I recently had a use case for this where I needed a naively created bag of words along with the frequency of words. Having Counter made this extremely easy as I could simply split the string on whitespaces and pass the result to a Counter object. Another useful feature is that you can take the intersection of two Counter objects. It's a really nice data structure to have!


Python noob here. What does the _ mean in "...for _ in range(100))"?


To add to specifics:

_ in python is commonly used as a variable name for values you want to throw away. For example, let's say you have a log file split on newlines, with records like this:

    logline = "127.0.0.1 localhost.example.com GET /some/url 404 12413"
You want to get all the URLs that are 404s, but you don't care about who requested them, etc. You could do this:

    _, _, _, url, returncode, _ = logline.split(' ')
There's no special behaviour for _ in this case; in fact, normally in the interactive interpreter it's used to store the result of the last evaluated line, like so:

    >>> SomeModel.objects.all()
    [SomeModel(…), SomeModel(…), SomeModel(…), …]
    >>> d = _
    >>> print d
    [SomeModel(…), SomeModel(…), SomeModel(…), …]
Which I think is basically the same behaviour; you run some code, you don't assign it, so the interpreter dumps it into _ and goes on about its day.

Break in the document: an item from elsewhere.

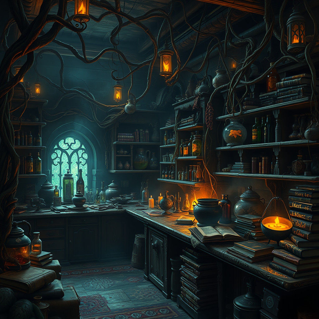A magical witch's lair filled with potion bottles, cauldrons, and spell books. This image shows a mysterious workspace with twisted vines, rendered in exquisite detail as digital art.

Normally you would place a variable there, such as x or y. But in this case, the variable doesn't matter. You aren't using it in the function call. You're telling the programming the variable for the for loop that it doesn't matter.


It's just a name of a variable. There's nothing special about it (in this context), but it's conventionally used when you don't care about the value assigned to it.